_Your objective_:
From the data below, return only the lines from the one with "Retro Collared Abstract Mini Dress" through the one with "Ini adalah kemungkinan", exact and inclusive, with pictures left out.

_Exercise inputs_:
···
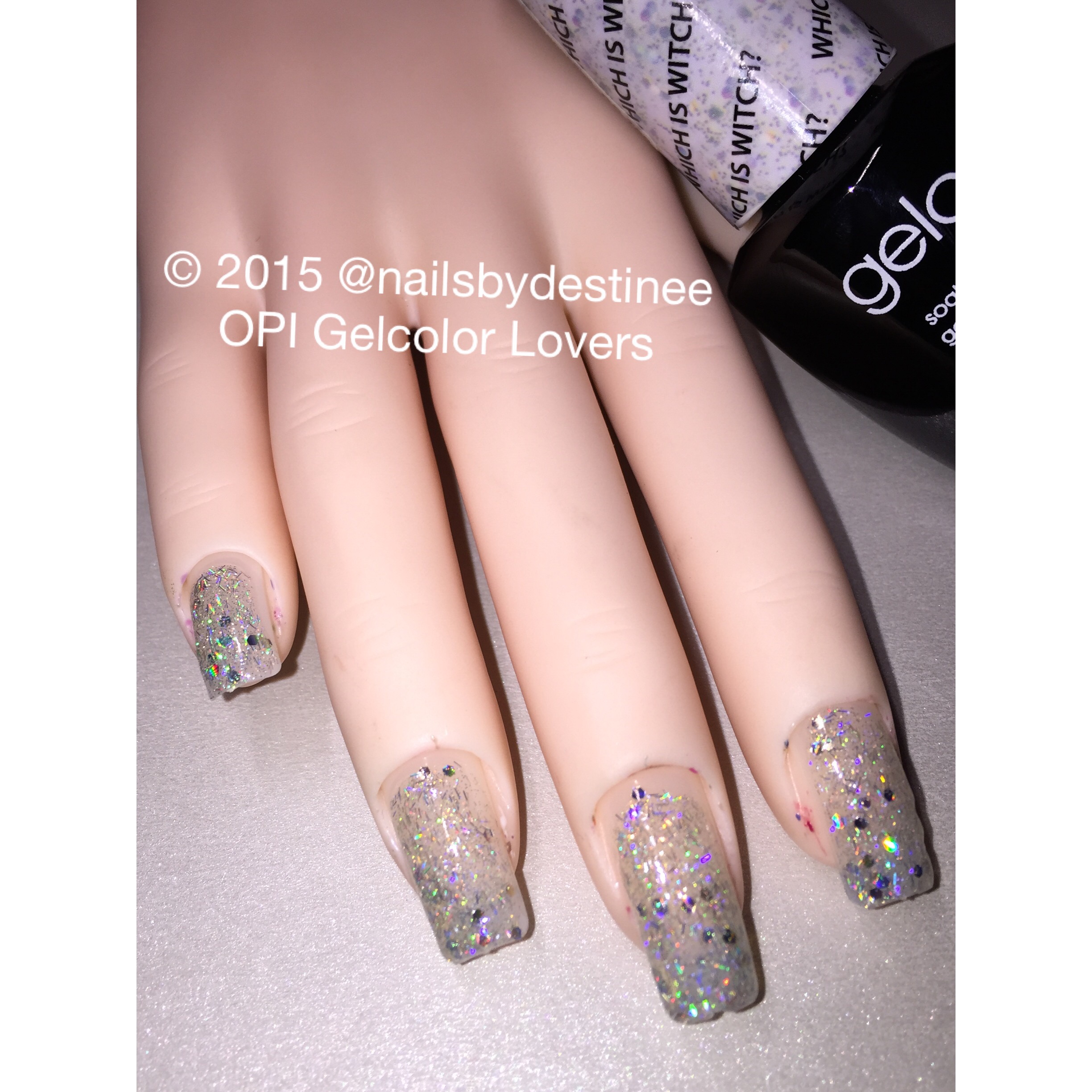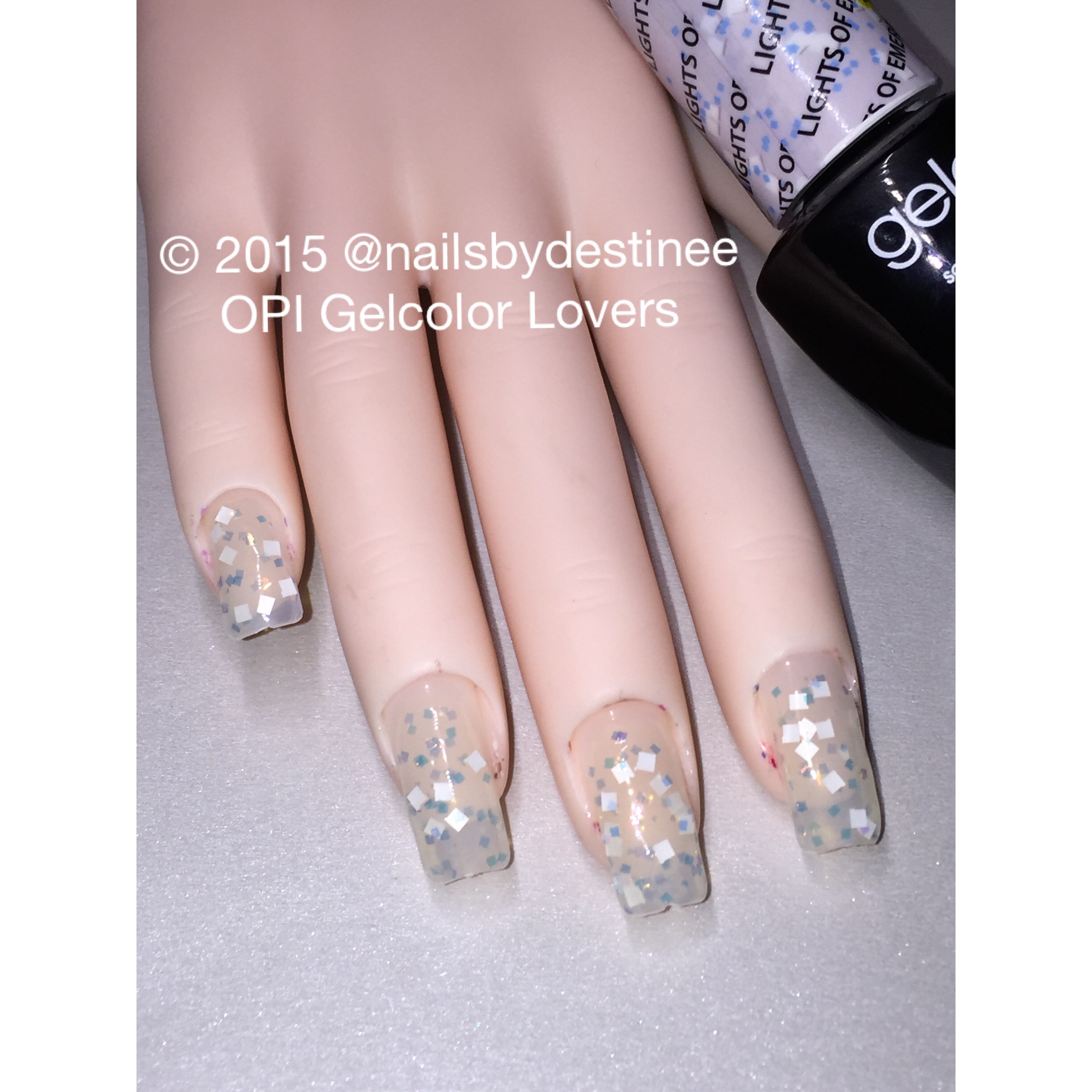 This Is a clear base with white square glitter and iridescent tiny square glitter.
···
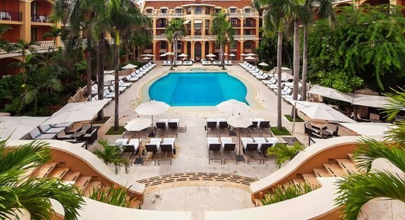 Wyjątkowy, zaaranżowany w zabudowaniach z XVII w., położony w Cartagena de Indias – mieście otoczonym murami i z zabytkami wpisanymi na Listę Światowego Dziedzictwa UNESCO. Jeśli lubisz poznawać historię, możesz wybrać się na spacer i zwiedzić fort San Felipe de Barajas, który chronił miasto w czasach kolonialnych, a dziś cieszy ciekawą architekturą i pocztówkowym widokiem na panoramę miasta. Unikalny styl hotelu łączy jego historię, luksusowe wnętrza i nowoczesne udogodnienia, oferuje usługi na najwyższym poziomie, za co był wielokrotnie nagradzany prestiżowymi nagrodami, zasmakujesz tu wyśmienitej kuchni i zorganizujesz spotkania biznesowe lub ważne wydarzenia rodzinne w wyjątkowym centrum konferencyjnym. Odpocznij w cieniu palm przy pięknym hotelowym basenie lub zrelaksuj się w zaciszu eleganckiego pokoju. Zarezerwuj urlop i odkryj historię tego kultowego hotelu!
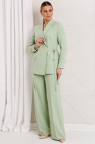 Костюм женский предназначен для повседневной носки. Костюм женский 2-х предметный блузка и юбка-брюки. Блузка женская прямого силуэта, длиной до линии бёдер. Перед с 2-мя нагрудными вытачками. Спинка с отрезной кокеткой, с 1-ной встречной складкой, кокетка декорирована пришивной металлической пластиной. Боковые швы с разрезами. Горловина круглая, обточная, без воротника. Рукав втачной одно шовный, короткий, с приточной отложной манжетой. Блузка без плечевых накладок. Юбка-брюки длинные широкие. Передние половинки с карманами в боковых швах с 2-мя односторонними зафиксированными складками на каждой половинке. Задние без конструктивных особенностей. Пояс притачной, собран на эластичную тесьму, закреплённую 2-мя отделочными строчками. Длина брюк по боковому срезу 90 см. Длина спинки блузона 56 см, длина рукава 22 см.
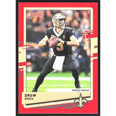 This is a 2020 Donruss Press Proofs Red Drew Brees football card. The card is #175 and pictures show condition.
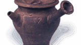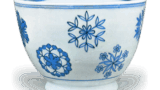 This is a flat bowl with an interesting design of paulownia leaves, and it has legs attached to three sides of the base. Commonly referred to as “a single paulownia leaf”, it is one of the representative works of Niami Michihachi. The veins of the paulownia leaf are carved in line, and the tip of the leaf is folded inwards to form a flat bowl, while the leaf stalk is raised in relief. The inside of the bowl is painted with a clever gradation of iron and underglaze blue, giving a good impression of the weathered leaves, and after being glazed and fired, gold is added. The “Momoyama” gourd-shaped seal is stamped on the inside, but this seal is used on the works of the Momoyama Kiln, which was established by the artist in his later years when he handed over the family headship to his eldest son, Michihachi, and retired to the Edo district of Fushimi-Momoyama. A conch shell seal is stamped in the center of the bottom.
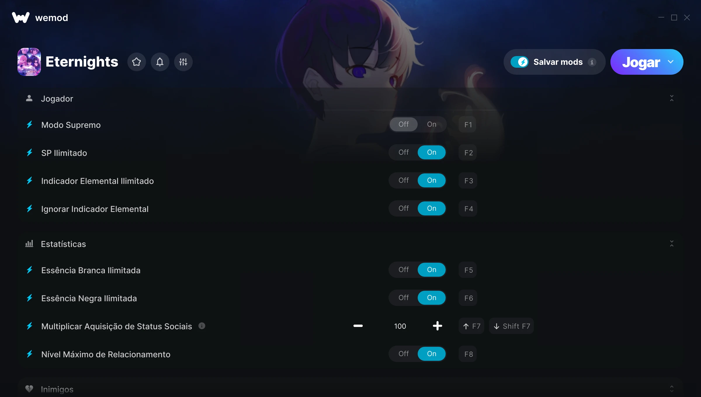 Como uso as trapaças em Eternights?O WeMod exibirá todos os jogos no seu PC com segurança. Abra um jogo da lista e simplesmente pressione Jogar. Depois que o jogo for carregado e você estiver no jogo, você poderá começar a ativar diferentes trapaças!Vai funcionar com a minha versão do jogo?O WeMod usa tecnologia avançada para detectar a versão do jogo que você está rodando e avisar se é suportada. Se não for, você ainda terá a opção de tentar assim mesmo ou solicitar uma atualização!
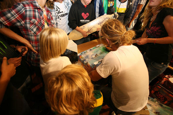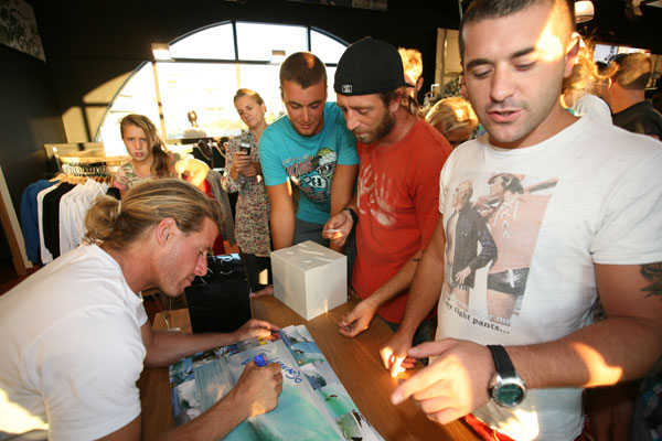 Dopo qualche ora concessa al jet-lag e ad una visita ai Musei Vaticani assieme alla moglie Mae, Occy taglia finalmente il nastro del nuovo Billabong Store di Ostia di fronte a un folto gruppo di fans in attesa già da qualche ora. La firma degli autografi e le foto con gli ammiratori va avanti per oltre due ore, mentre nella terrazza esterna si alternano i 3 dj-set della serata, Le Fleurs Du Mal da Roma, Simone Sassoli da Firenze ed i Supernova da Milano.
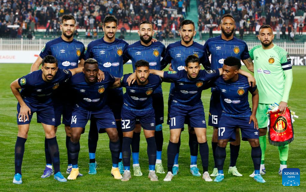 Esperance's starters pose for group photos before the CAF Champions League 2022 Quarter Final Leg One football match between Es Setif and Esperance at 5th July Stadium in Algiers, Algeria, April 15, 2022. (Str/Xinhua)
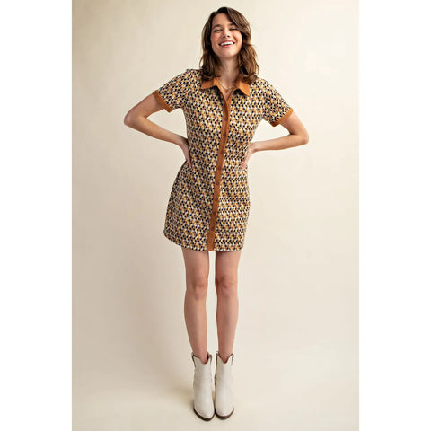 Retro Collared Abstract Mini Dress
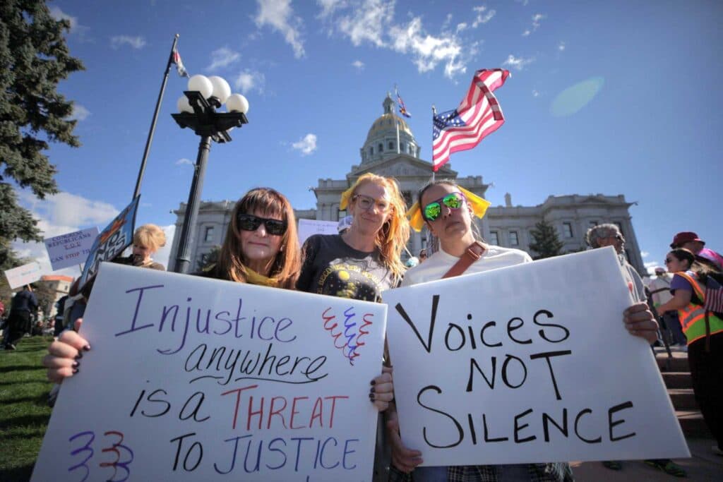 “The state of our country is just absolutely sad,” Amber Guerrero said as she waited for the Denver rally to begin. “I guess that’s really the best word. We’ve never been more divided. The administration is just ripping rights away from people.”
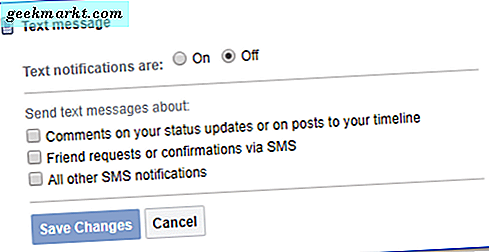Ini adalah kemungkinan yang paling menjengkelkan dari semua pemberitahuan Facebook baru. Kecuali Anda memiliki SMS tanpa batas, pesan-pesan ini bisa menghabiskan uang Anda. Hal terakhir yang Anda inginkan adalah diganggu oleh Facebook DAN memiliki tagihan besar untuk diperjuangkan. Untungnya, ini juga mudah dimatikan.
···
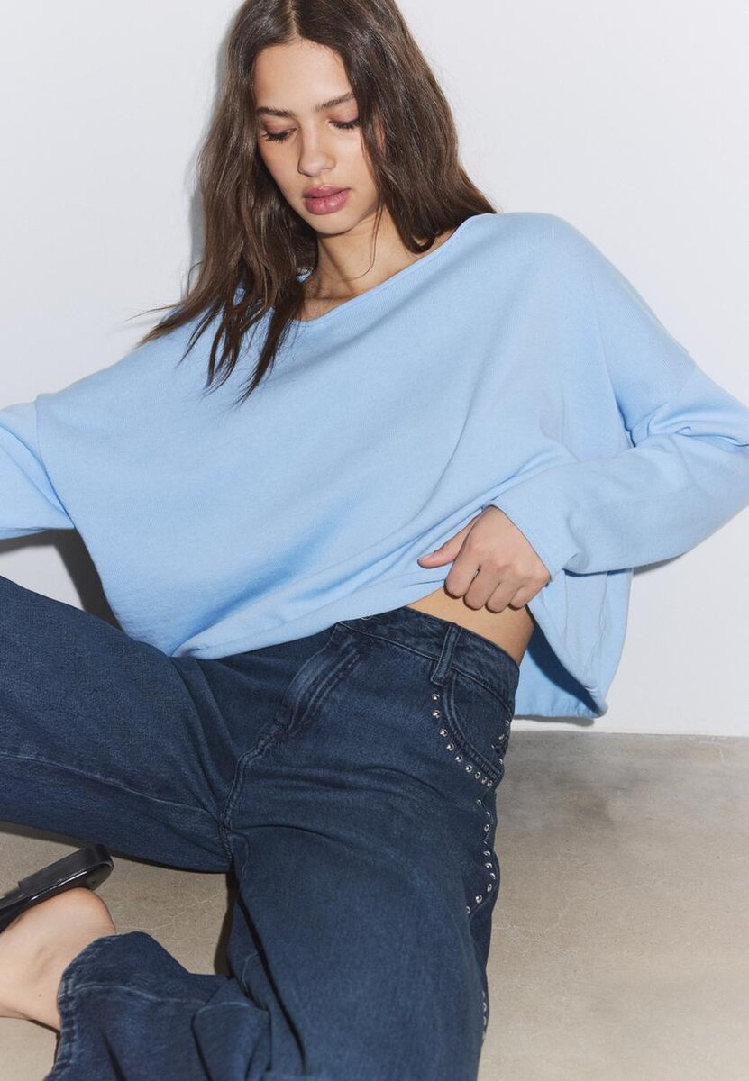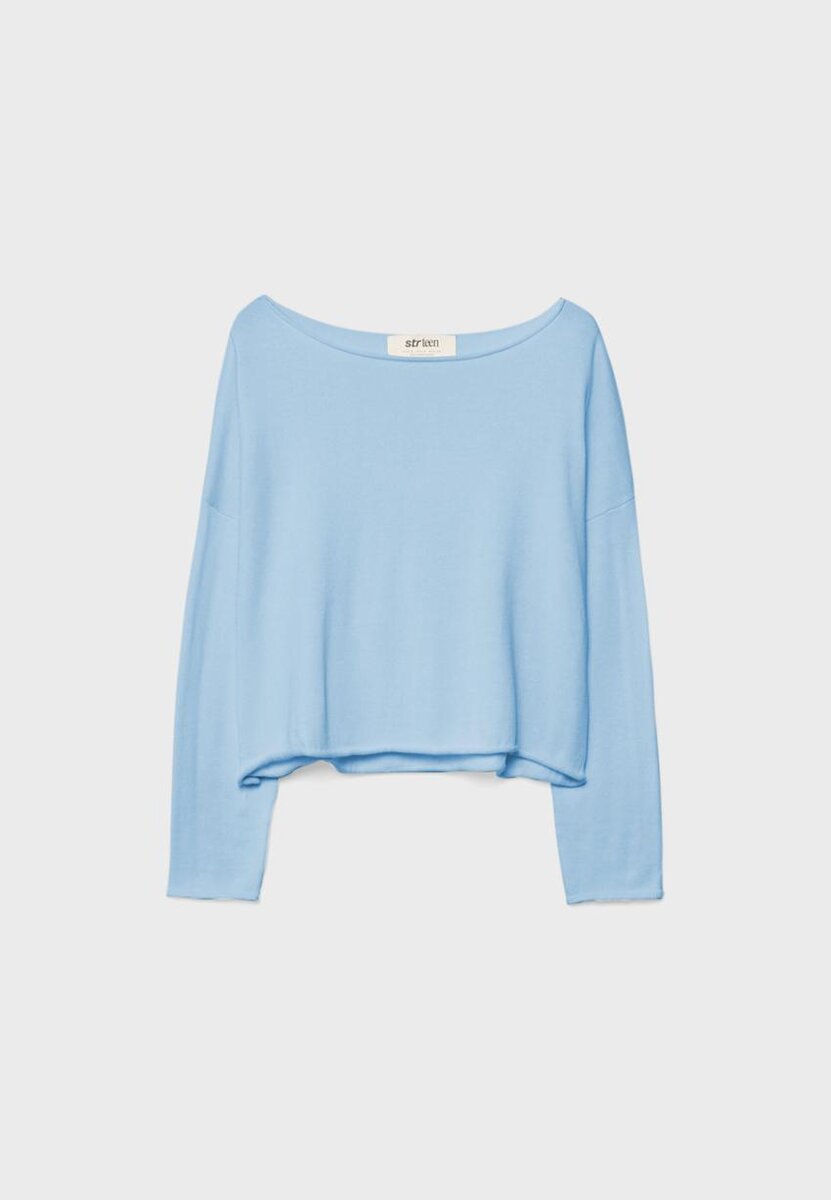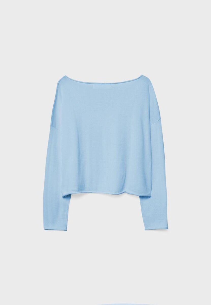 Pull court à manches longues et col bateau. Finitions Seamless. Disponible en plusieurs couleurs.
···
_Task solution_:
 Retro Collared Abstract Mini Dress
 “The state of our country is just absolutely sad,” Amber Guerrero said as she waited for the Denver rally to begin. “I guess that’s really the best word. We’ve never been more divided. The administration is just ripping rights away from people.”
Ini adalah kemungkinan yang paling menjengkelkan dari semua pemberitahuan Facebook baru. Kecuali Anda memiliki SMS tanpa batas, pesan-pesan ini bisa menghabiskan uang Anda. Hal terakhir yang Anda inginkan adalah diganggu oleh Facebook DAN memiliki tagihan besar untuk diperjuangkan. Untungnya, ini juga mudah dimatikan.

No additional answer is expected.